Print only the lines running from the line with "Fifty-ninth Annual Report" to the final line below, both included, exactly as written and without the pictures.

[Supplied material]
• • • • •

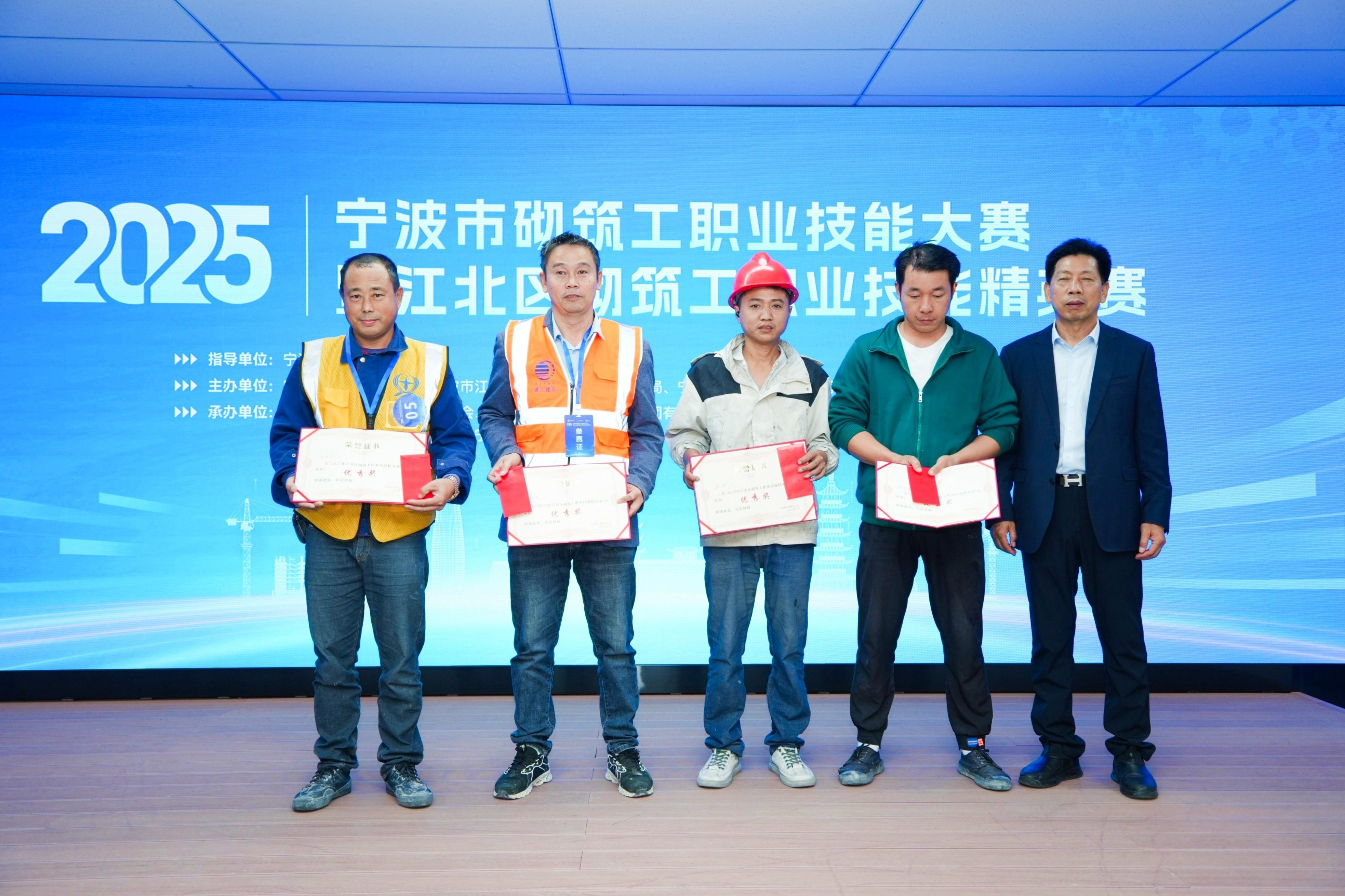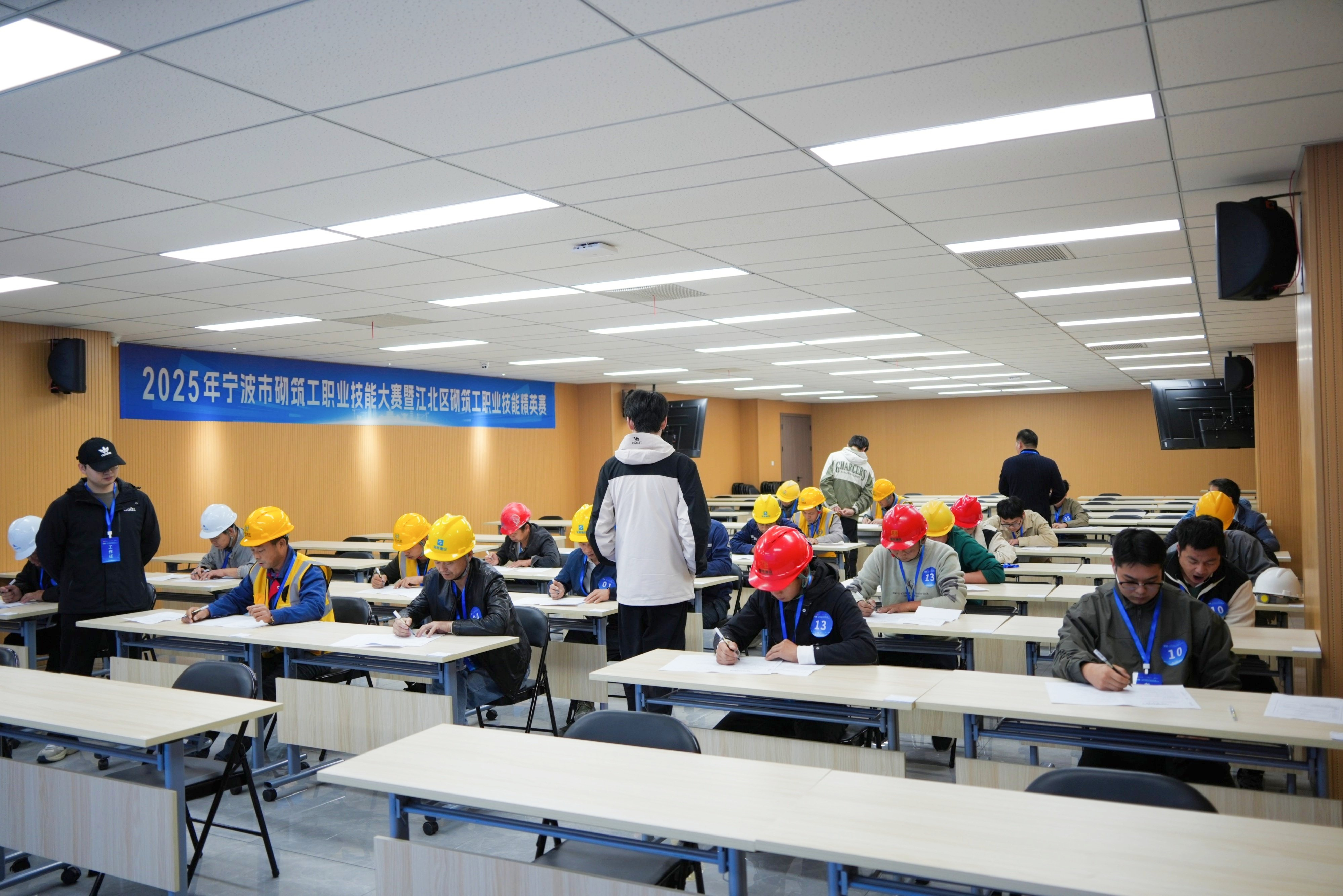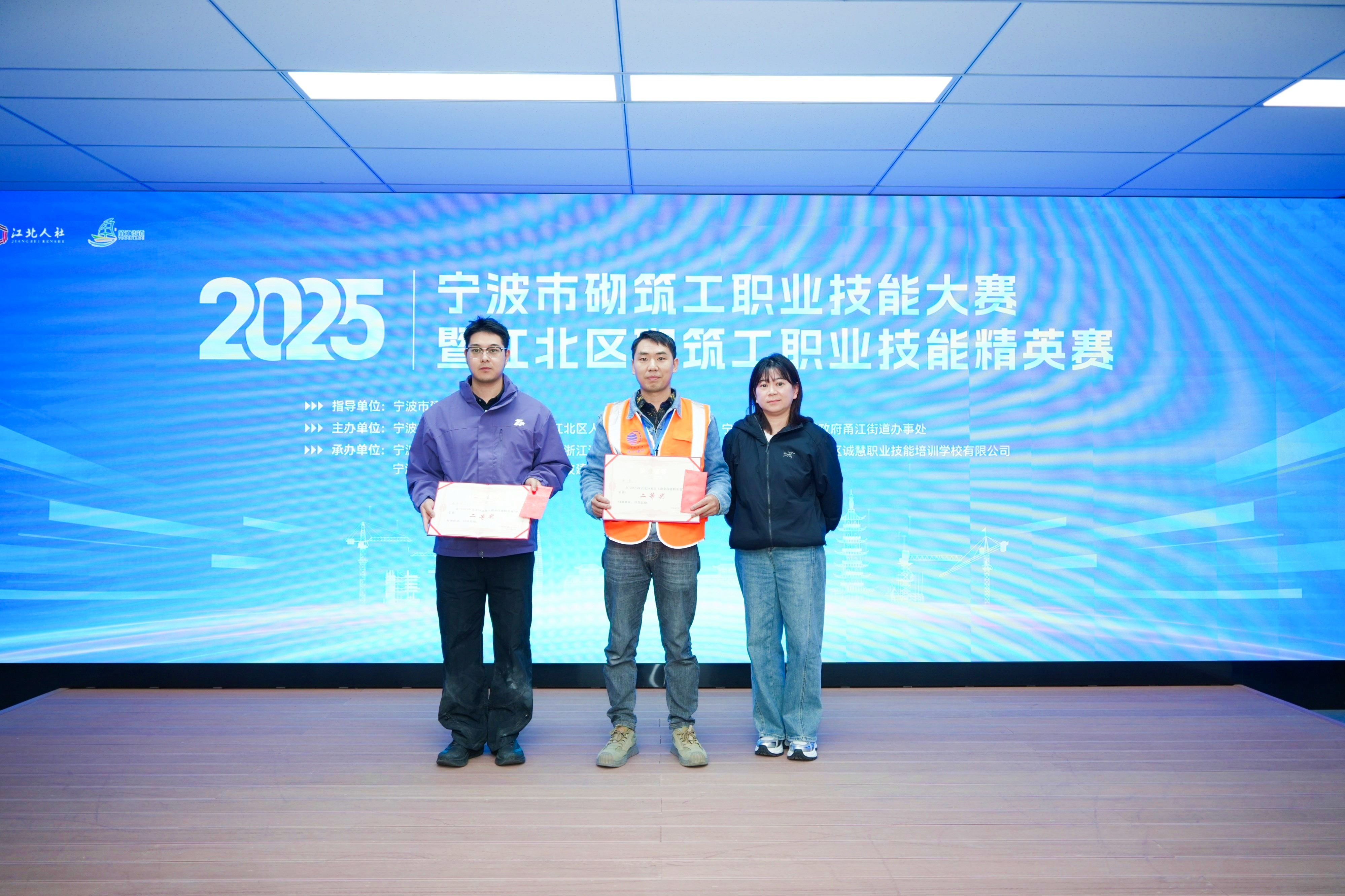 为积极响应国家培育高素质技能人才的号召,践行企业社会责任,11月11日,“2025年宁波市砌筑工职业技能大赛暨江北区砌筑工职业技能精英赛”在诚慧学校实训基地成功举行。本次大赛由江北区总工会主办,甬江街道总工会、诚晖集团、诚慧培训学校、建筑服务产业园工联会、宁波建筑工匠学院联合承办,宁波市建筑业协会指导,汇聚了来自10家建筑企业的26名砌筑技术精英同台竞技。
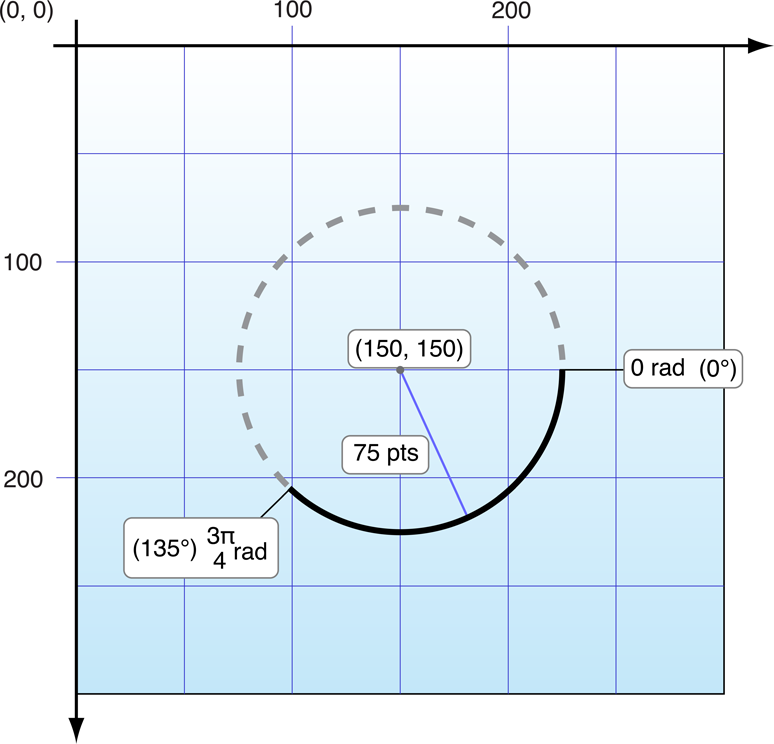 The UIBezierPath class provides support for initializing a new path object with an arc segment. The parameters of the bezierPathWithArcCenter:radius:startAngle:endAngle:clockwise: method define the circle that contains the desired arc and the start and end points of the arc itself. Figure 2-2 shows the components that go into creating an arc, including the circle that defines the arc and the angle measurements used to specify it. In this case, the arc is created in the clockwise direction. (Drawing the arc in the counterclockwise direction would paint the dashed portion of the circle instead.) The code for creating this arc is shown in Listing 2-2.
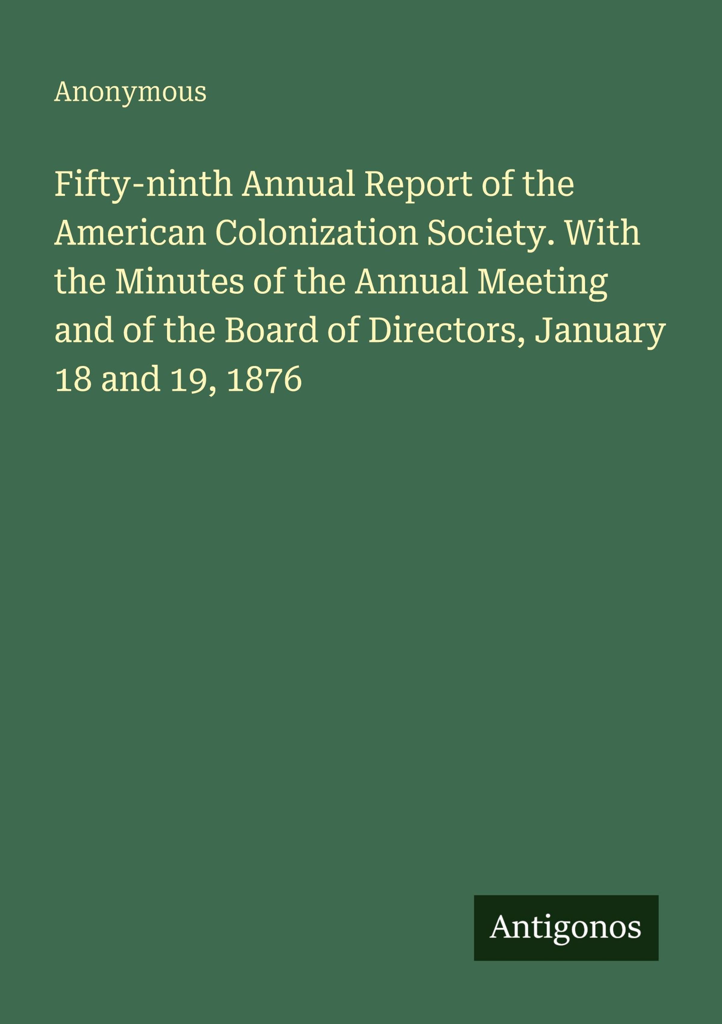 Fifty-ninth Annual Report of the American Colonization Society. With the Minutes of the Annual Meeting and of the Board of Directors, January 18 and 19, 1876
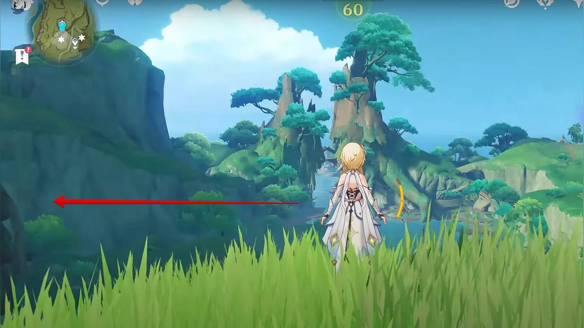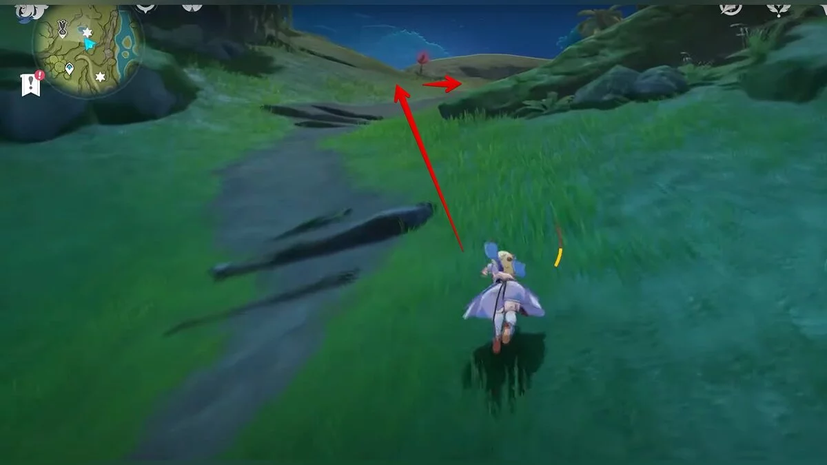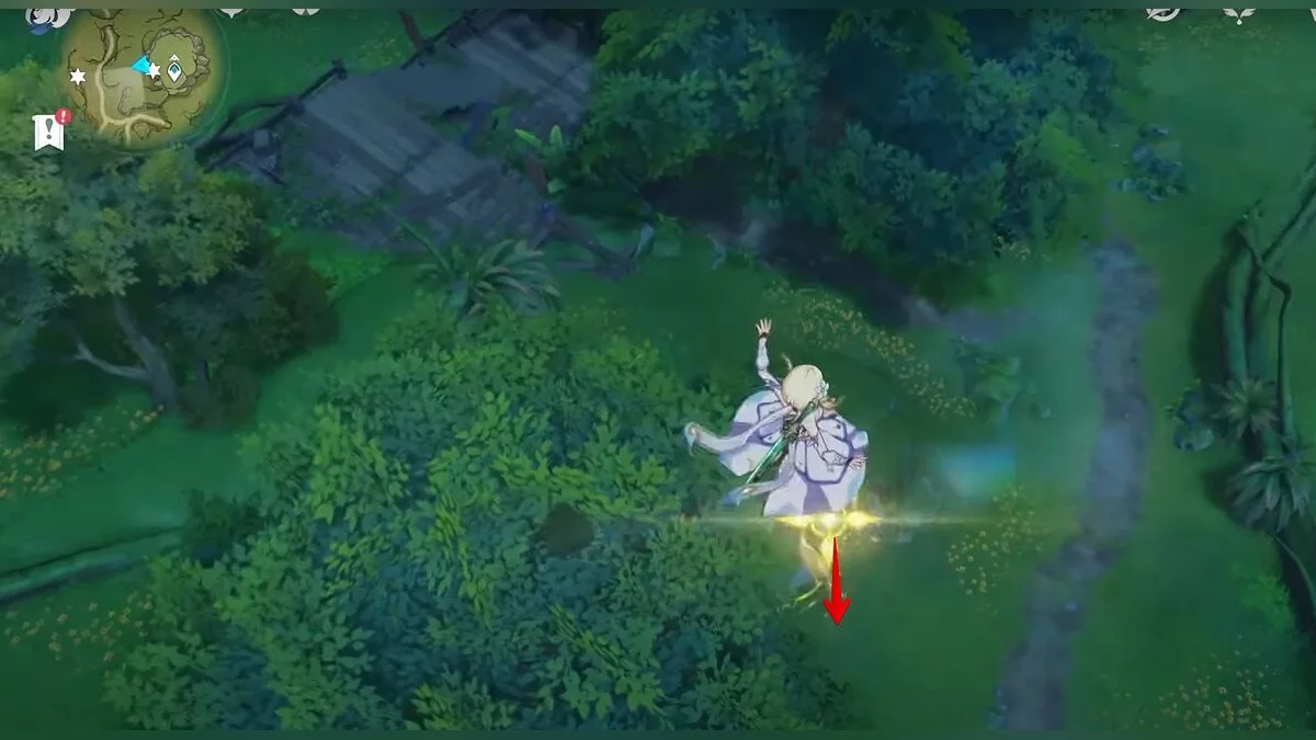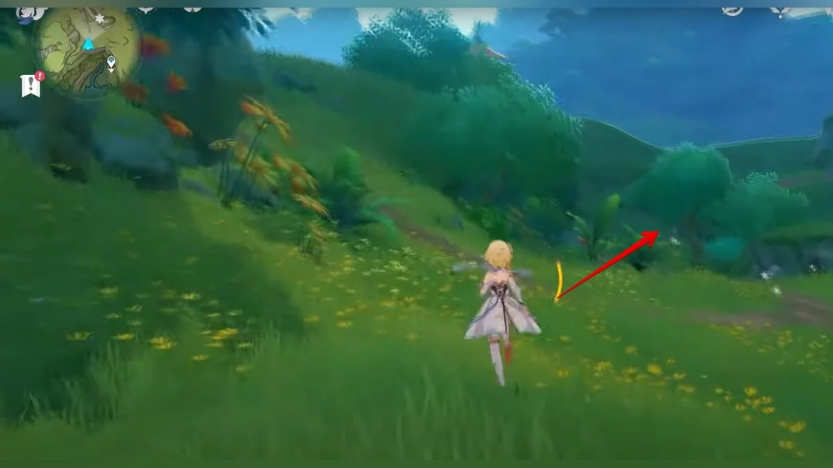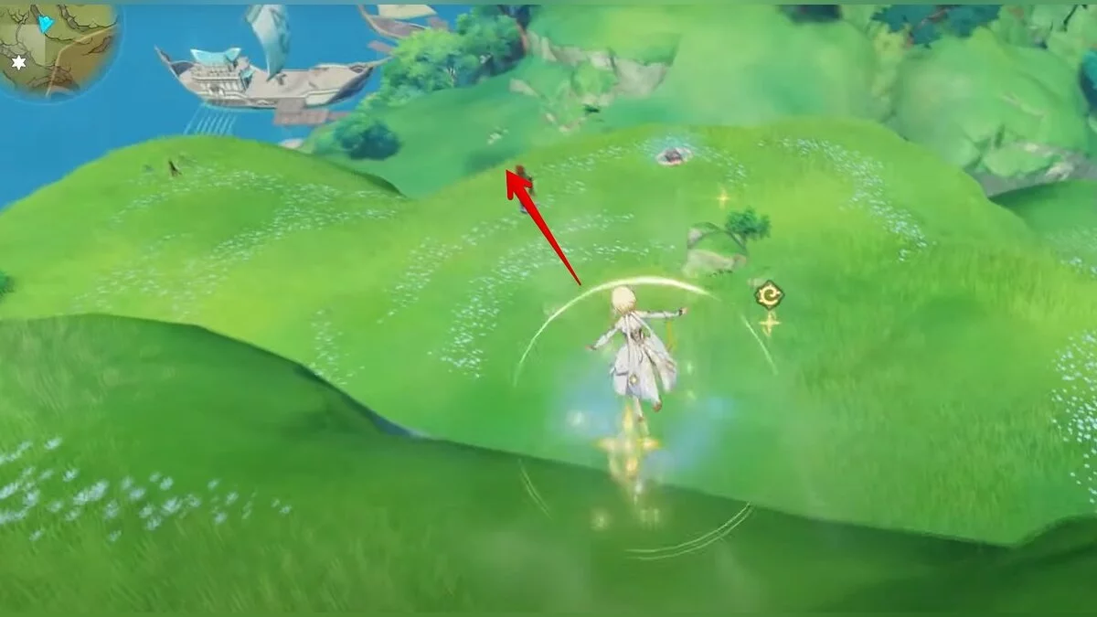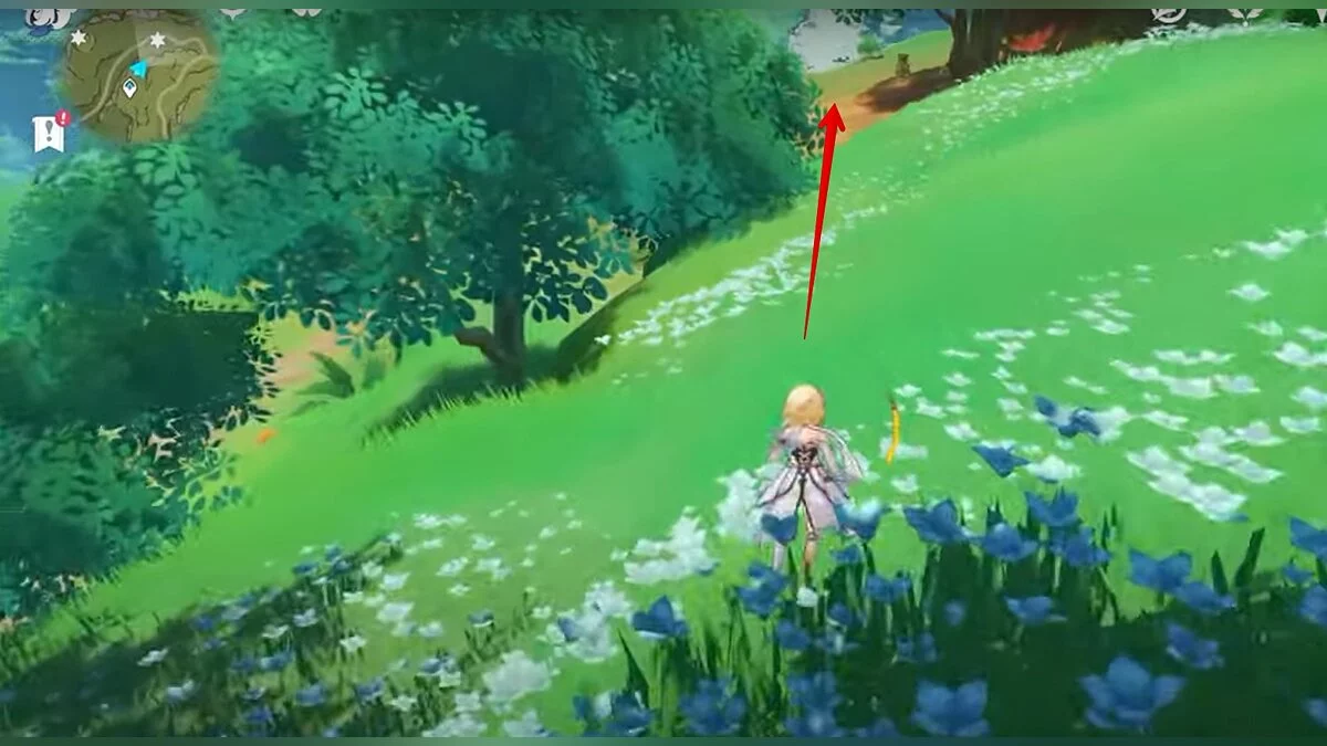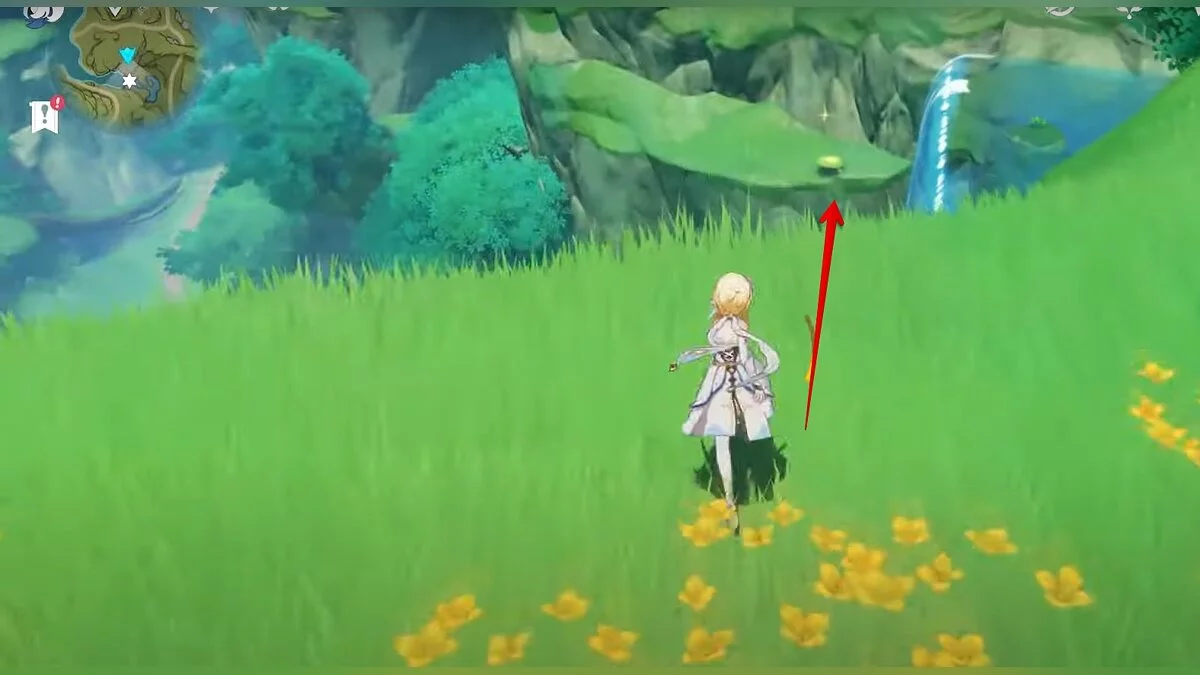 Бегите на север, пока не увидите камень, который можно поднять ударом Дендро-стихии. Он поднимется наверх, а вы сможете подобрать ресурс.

• • • • •

[Solved exercise]
 Fifty-ninth Annual Report of the American Colonization Society. With the Minutes of the Annual Meeting and of the Board of Directors, January 18 and 19, 1876
 Бегите на север, пока не увидите камень, который можно поднять ударом Дендро-стихии. Он поднимется наверх, а вы сможете подобрать ресурс.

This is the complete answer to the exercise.